I don't _believe_ the eMac is bootable in OS 9 (though I could be wrong -- it's happened before [once]), so you'll need a copy of OS X. I recommend the latest build, 10.4.2.

Once you acquire your copy of the OS you'll need to start up the computer, entice it to opening up the DVD-ROM drive, place the disk in the tray (or in the slot... it's been a while since I've looked at an eMac, so whichever is appropriate), and press the "C" key. Since the OS appears to be corrupted it might not be necessary to cycle the power to the machine, but if merely pressing the "C" key has no effect turn it off and, while holding the "C" key turn it back on.

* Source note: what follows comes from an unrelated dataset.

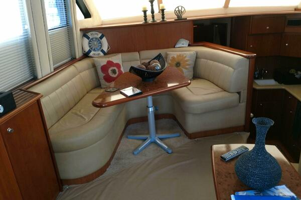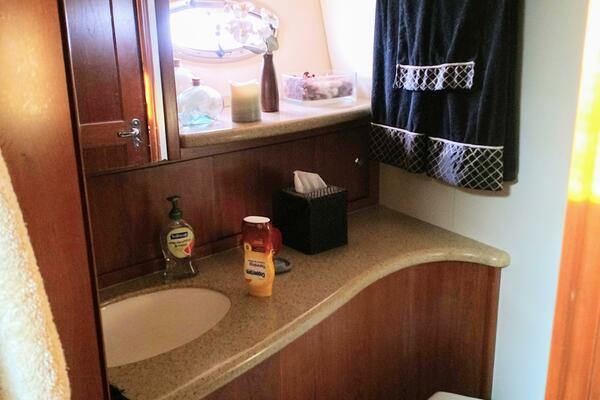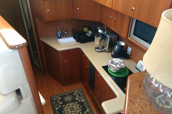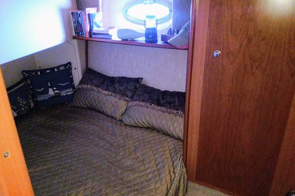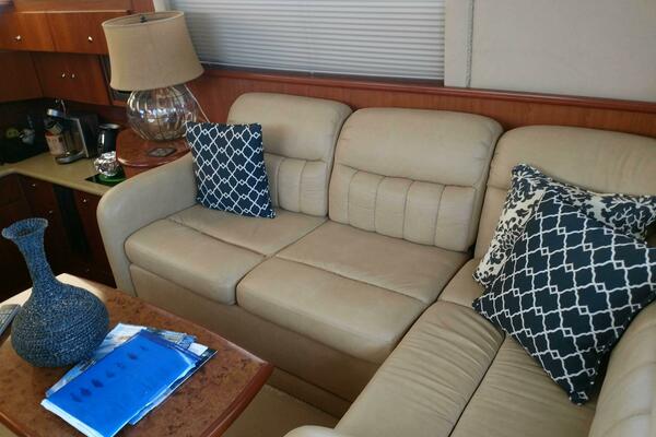 The great interior layout has two staterooms and "split" head and shower compartments for convenience. The salon/dining area has large windows on all sides giving it a "great room" affect. The large galley is filled with cabinets and drawers and has a Corian countertops. She's equipped with a flybridge hardtop, bow thruster, anchor windlass, spotlight, full electronics, walk-thru transom door, large swim platform and more. Powered by twin dependable Yanmar 440hp diesels with approx 500 original hours.

This forces the computer to look to the optical drive for its startup disk.

This should get you going. Let us know how you're able to get along, and if you have further questions please don't hesitate to ask.

P.S. I'm seeing quite a bit of police activity in the Notting Hill area on our news networks. I hope that if you're near that area you're safe, and that the police are successful in their quest to rout out these animals that are plaguing your beautiful country (I spent several months there some years back and love it there).


----------



## DFW (Jun 12, 2004)

Thanks for the reply, I thought as much, I will get my hands on a legit os, and try your suggestions.

Thanks

Ps, thanks I am miles away, looks like there looking for more bombers in the smoke (london), I think a lot peaple are worried it's going to starrt up in more city's, like going back to the days the IRA were bombing the streets, then at least they gave a 2 min warning sometimes.


----------



## VegasACF (May 27, 2005)

DFW said:


> ...like going back to the days the IRA were bombing the streets, then at least they gave a 2 min warning.


That's because the IRA's bombings were to send a message (though I vehemently disagree with the tactic). These animals, on the other hand, are just trying to kill infidels and get their 70 virgins in Heaven.


----------



## DFW (Jun 12, 2004)

I know what you mine, have a look at this thread, makes interesting reading.

http://forums.techguy.org/t193228.html


----------



## DPiT (Jul 21, 2005)

I also agree, sounds like OS corruption and reinstalling the OS would be the way to go.


----------